我痛恨这种所谓的疯狂,它会将我记忆里的美好抹杀。不是每一个人的不顾一切都能让我感动,安以诚的行为只会让我觉得可笑而已。
我不说话了,安以诚也不敢说话,过了很久,他胆怯地叫我:“老师。”
我懒得抬头看他,随口应声道:“不用叫我老师,你已经快被退学了,你知不知道?”
“老师,我真的没有想到会这样,上一门课我很认真地复习了,没有作弊也顺利地答完了。但是,这门课太难了,我没有信心可以通过,又很担心会不通过。所以,我……”
“你跟我解释有什麽用?抓到你的人不是我,处理这件事的人也不是我,还是说你觉得我会很感动?安以诚,你清醒一点吧,不要再这麽幼稚了。你没有办法做好一个学生,也没有办法谈好恋爱。你有没有想过,为什麽别人可以把事情都做好,但你什麽都做不好?”
幸好安以诚没有说出什麽为了我之类的话,否则的话,我肯定立刻就把他赶出去了。此时,他脸色惨白的站在那里,表情又是著急又是懊悔,完全没有了平时的生气。
从知道这个消息到现在也有一个多小时了,该气的、该骂的,我都统统发泄完了,真要狠下心肠看著安以诚被退学,我也没办法做到。
“还傻在这里干什麽,不想退学的话就去求你们院长,事情也差不多报上去了,再过两天就得出处分了。记得叫你妈陪著你去,塞钱就不用了,你们贺院长不缺这点钱。买几盒好点的茶叶送去,实在不行就跪在地上求他,他这个人对学生挺心软的。”

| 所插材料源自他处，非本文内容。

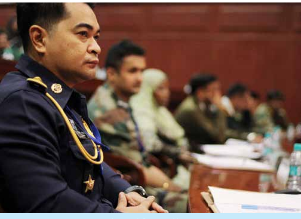
Another group of officers in one of the sessions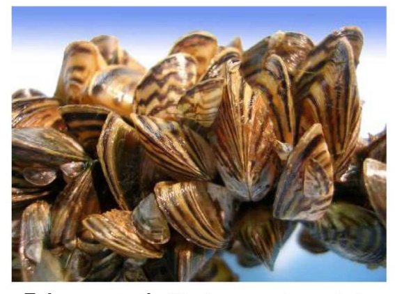
Zebra mussels (Dreissena polymorpha)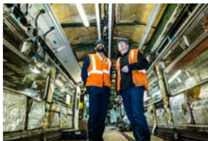
Minister for Transport & the Islands at Wabtec Rail in Kilmarnock

Funding of up to 100% of the cost of the rail works has been approved by Transport Scotland through the Scottish Strategic Rail Freight Investment Fund.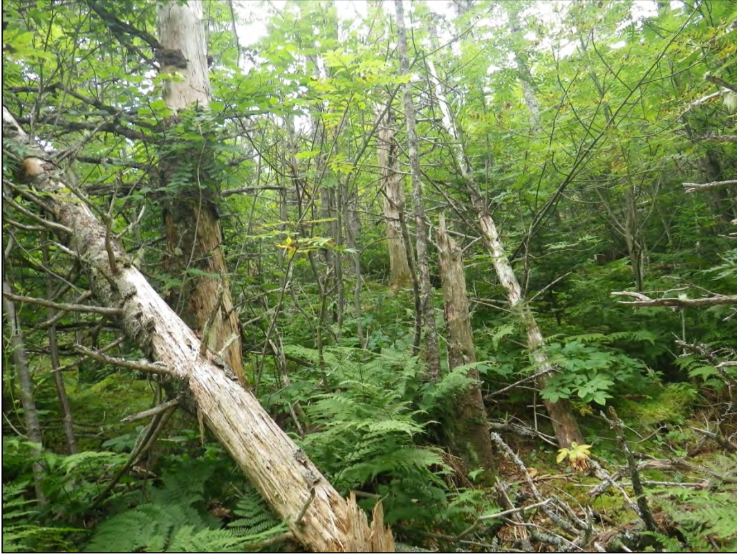
Photograph 88: Wetland 22 (WL22) – Upland Habitat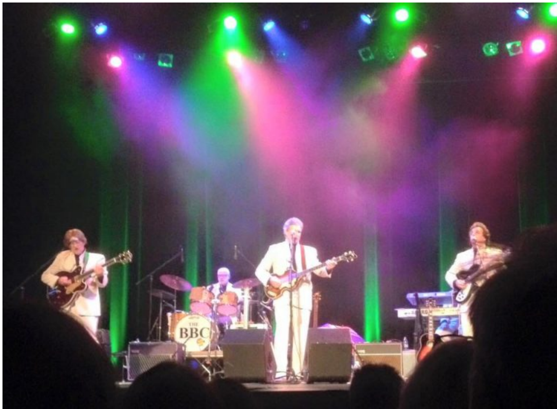
The BBC band will be appearing in Liverpool in tribute to the Beatles.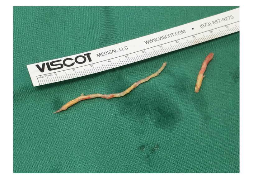
Figure 1. endarterectomy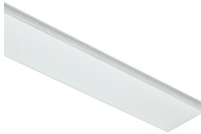
500 mm opal diffuser. Diffuse, glare free and uniform lighting throughout the room 08.0109.00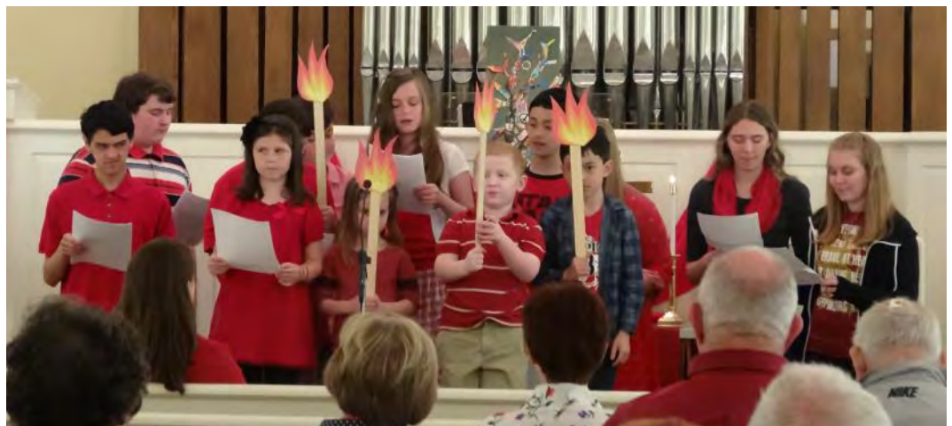
Youth Sunday, May 15, 2016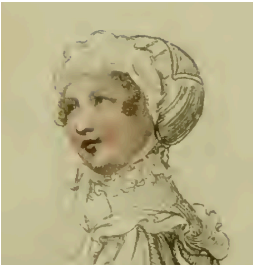
November 1810, Morning Dress

Full issues available at: https://archive.org/search.php?query=ackermann%20repository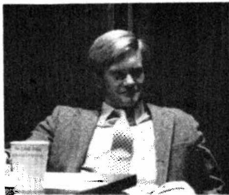
A clean-shaven Christopher Coons.

The point that others ignore is that I was ready to change. Experiences at Amherst my first two years made me skeptical and uncomfortable with Republicanism, enough so that I wanted to see the Third World for myself to get some perspective on my beliefs. Certainly Kenya provided a needed catalyst; I saw there poverty and oppression more naked than any in America, and I studied under a bright and eloquent Marxist professor at the University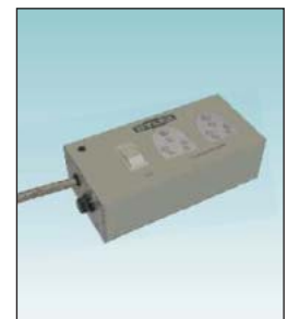
Socket Out Let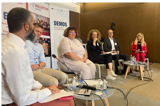
RAN Annual Meeting 2023, Prishtina

This Regional Advocacy Network (RAN) brings together like-minded individuals from diverse sectors, such as the private sector, national and local governments, academia, civil society, educators, and interest groups. Through regular virtual and in-person exchanges, participants discuss successful solutions applied by various Helvetas projects and partners. The network fosters consistent knowledge sharing, allowing participants to learn from best practices and tackle challenges specific to their country and the broader region.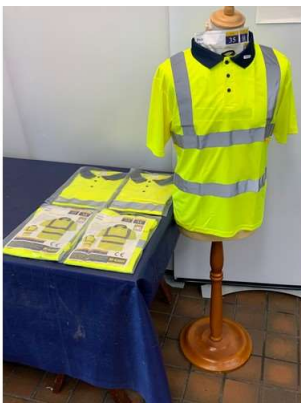
104. M - 5 X HYVIS YELLOW POLO SHIRTS SIZE M TOTAL RRP APPROX £65-70

安以诚顿时抬起头,表情尴尬地看著我,一脸为难地说道:“我妈已经一个多月没有回来了,她去山东出差了……”
我心里一愣,还没来得及可怜他没爸没妈在身边,忍不住又骂道:“你妈不在就自己去,多大的人了还要妈妈照顾,这点事情都处理不好以後怎麽在社会上混。”
安以诚立马反应过来,整个人差点跳起来,一惊一乍的样子显得可笑又可怜。他连声答了几句“哦”,赶紧往外面去了。
一看到安以诚垂头丧气的样子,我就觉得烦躁又暴躁,恨不得把他按在地上狠狠地揍一顿。他刚走到门口,我突然又叫住了他,不耐烦地说道:“回来。”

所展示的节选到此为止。